Note that objects are removed regardless of their storage_policy_index.
- Parameters
lower – defines the lower bound of object names that will be removed; names greater than this value will be removed; names less than or equal to this value will not be removed.
upper – defines the upper bound of object names that will be removed; names less than or equal to this value will be removed; names greater than this value will not be removed. The empty string is interpreted as there being no upper bound.
max_row – if specified only rows less than or equal to max_row will be removed
- reported(put_timestamp, delete_timestamp, object_count, bytes_used)¶
Update reported stats, available with container’s get_info.
- Parameters
put_timestamp – put_timestamp to update
delete_timestamp – delete_timestamp to update
object_count – object_count to update
bytes_used – bytes_used to update
- classmethod resolve_shard_range_states(states)¶
Given a list of values each of which may be the name of a state, the number of a state, or an alias, return the set of state numbers described by the list.
The following alias values are supported: ‘listing’ maps to all states that are considered valid when listing objects; ‘updating’ maps to all states that are considered valid for redirecting an object update; ‘auditing’ maps to all states that are considered valid for a shard container that is updating its own shard range table from a root (this currently maps to all states except FOUND).
- Parameters
states – a list of values each of which may be the name of a state, the number of a state, or an alias
- Returns
a set of integer state numbers, or None if no states are given
- Raises
ValueError – if any value in the given list is neither a valid state nor a valid alias
- property root_account¶
- property root_container¶
- property root_path¶
- set_sharded_state()¶
Unlink’s the broker’s retiring DB file.
- Returns
True if the retiring DB was successfully unlinked, False otherwise.
- set_sharding_state()¶
Creates and initializes a fresh DB file in preparation for sharding a retiring DB. The broker’s own shard range must have an epoch timestamp for this method to succeed.
- Returns
True if the fresh DB was successfully created, False otherwise.
- set_sharding_sysmeta(key, value)¶
Updates the broker’s metadata stored under the given key prefixed with a sharding specific namespace.
- Parameters
key – metadata key in the sharding metadata namespace.
value – metadata value
- set_storage_policy_index(policy_index, timestamp=None)¶
Update the container_stat policy_index and status_changed_at.
- set_x_container_sync_points(sync_point1, sync_point2)¶
- sharding_initiated()¶
Returns True if a broker has shard range state that would be necessary for sharding to have been initiated, False otherwise.
- sharding_required()¶
Returns True if a broker has shard range state that would be necessary for sharding to have been initiated but has not yet completed sharding, False otherwise.
- property storage_policy_index¶
- update_reconciler_sync(point)¶
- swift.container.backend.merge_shards(shard_data, existing)¶
Compares
shard_data
withexisting
and updatesshard_data
with any items ofexisting
that take precedence over the corresponding item inshard_data
.- Parameters
shard_data – a dict representation of shard range that may be modified by this method.

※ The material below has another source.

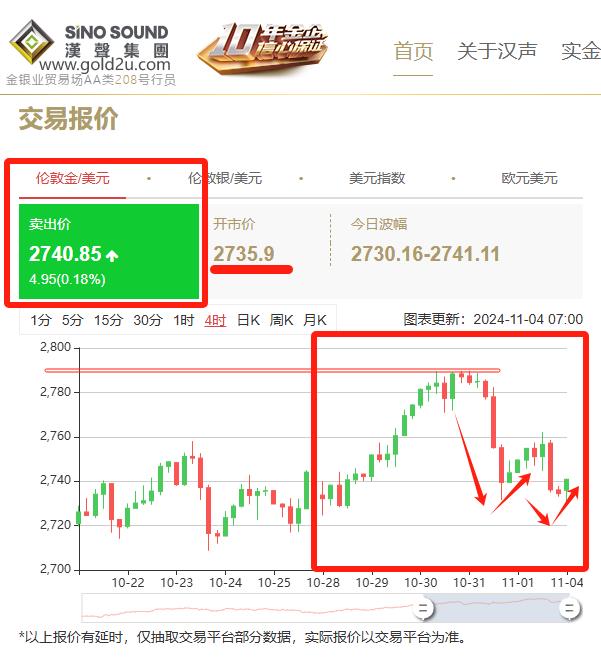而本周周一(11月4日)国际黄金亚市早盘开盘小幅高开至2735.90美元/盎司,短暂走强后迅速回落,但由于力度有限,并维持震荡波动偏回升。汉声集团分析师表示日内将重点关注美国9月工厂订单月率,预期将利好金价,故此,根据日内的回落力度,仍可看一定的反弹空间。所以,后市操作偏向低多看反弹为主。本周市场将迎来美国总统大选的结果,以及周五凌晨的美联储利率决议,预计在结果出炉之前,相关的不确定性将继续对金价构成支撑

existing – a dict representation of shard range.
- Returns
True if
shard data
has any item(s) that are considered to take precedence over the corresponding item inexisting
- swift.container.backend.sift_shard_ranges(new_shard_ranges, existing_shard_ranges)¶
Compares new and existing shard ranges, updating the new shard ranges with any more recent state from the existing, and returns shard ranges sorted into those that need adding because they contain new or updated state and those that need deleting because their state has been superseded.
- Parameters
new_shard_ranges – a list of dicts, each of which represents a shard range.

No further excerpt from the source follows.